Replace the current images gcr.io/kubebuilder/kube-rbac-proxy with registry.k8s.io/kubebuilder/kube-rbac-proxy

The k8s-infra maintainers assist in ensuring these images will not be lost by:

• Manually adding them to gcr.io/k8s-staging-kubebuilder/kube-rbac-proxy and promoting them via registry.k8s.io/kubebuilder/kube-rbac-proxy.

An available option would be to communicate to users to:

• a) Replace their registry from gcr.io/k8s-staging-kubebuilder/kube-rbac-proxy to registry.k8s.io/kubebuilder/kube-rbac-proxy
• b) Clearly state in the docs, Kubebuilder scaffolds, and all channels, including email communications, that kube-rbac-proxy is in the process of becoming part of Kubernetes/auth-sig but is not yet there and hence is a "not supported/secure" solution

Cons:

• Kubebuilder would still not be fully compliant with its goals since it would be scaffolding a third-party integration instead of properly endorsing and promoting the usage of external-plugin APIs.
• Kubebuilder would still be promoting a solution not deemed secure/safe according to the review by auth-sig maintainers.
• We would still need to manually request k8s-infra maintainers to build and promote these images in the new registry manually.
• Changes in the manager/project solution delivered in the scaffold have a critical impact. For example, in this case, users will need to change ALL projects they support and ensure that their users no longer use their previously released versions. Following this path, when kube-rbac-proxy is accepted under the Kubernetes/auth-sig, they will start to maintain and manage their own images, which means this path will change again, and Kubebuilder maintainers have no control over ensuring that these images will still be available and promoted for a long period.

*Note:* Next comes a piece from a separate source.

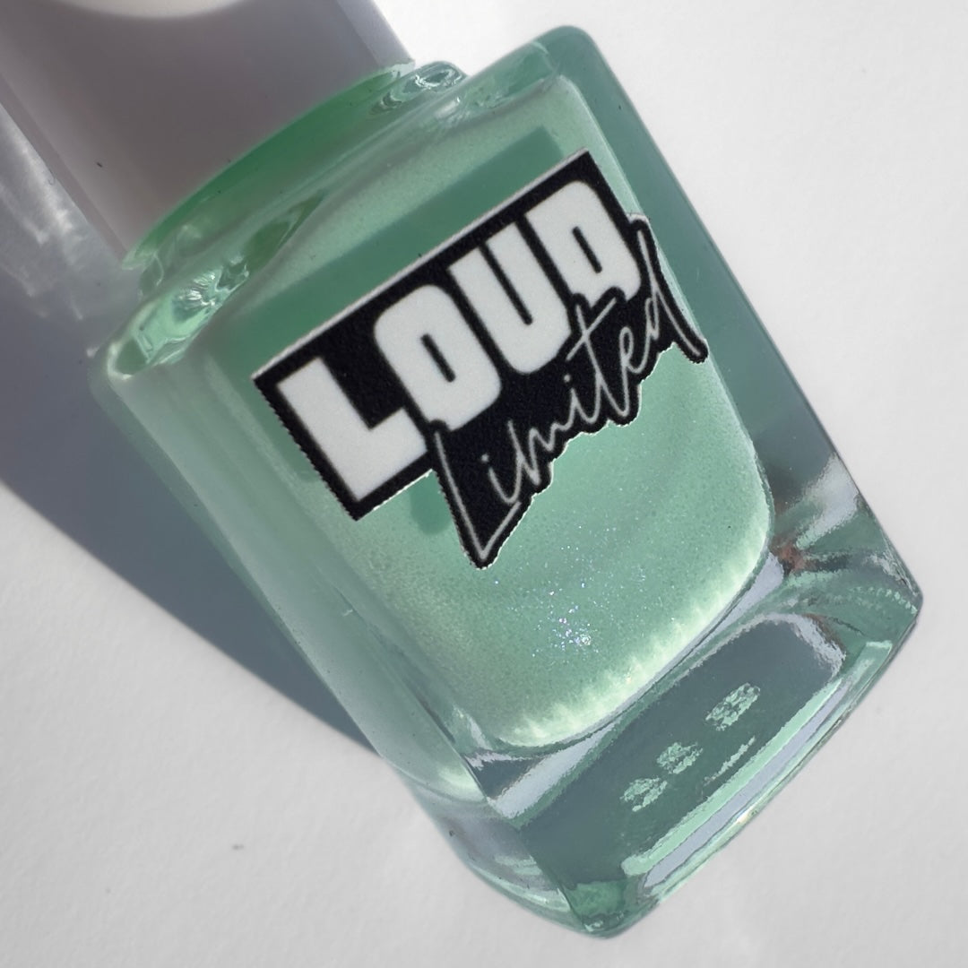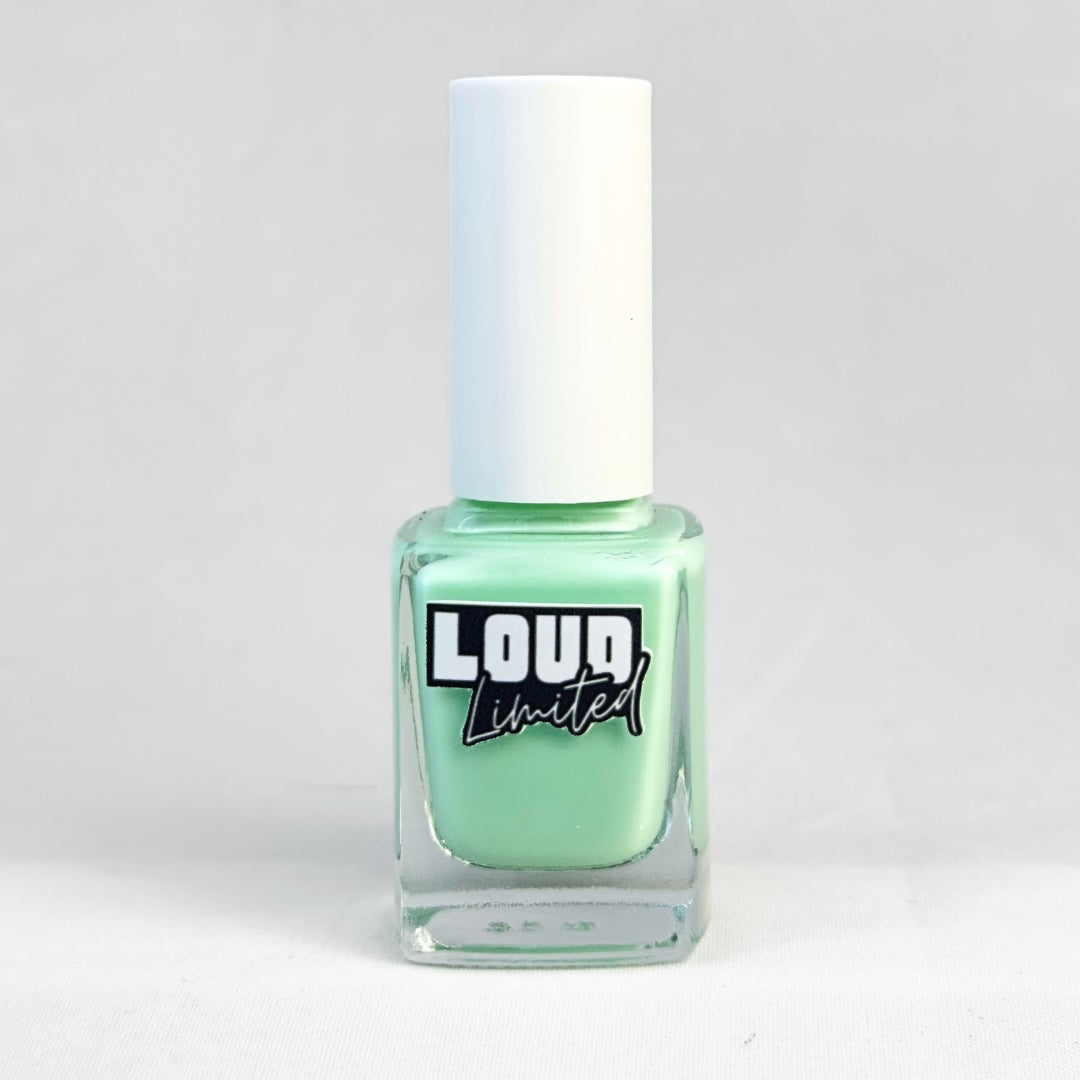 This formula is different than LOUD Lacquers. It is a neon, which means it is black light reflective, and also 9 free. It is also a pastel with added fun, and tend to run a little thicker to achieve the pizazz. Best in two coats with a top coat.

Retain kube-rbac-proxy as an Opt-in Feature and move it to an alpha plugin (Unsupported Feature) AND/OR use the project registry

This alternative keeps kube-rbac-proxy out of the default scaffolds, offering it as an optional plugin for users who choose to integrate it. Clear communication will be crucial to inform users about the implications of using kube-rbac-proxy.

Cons:

Mainly, all cons added for the above alternative option Replace the current images gcr.io/kubebuilder/kube-rbac-proxy with registry.k8s.io/kubebuilder/kube-rbac-proxy within the exception that we would make clear that we kubebuilder is unable to manage those images and move the current implementation for the alpha plugin it would maybe make the process to move it from the Kubebuilder repository to kube-rbac-proxy an easier process to allow them to work with the external plugin.

However, that is a double effort for users and Kubebuilder maintainers to deal with breaking changes resulting from achieving the ultimate go. Therefore, it would make more sense to encourage using external-plugins API and add this option in their repo once, then create these intermediate steps.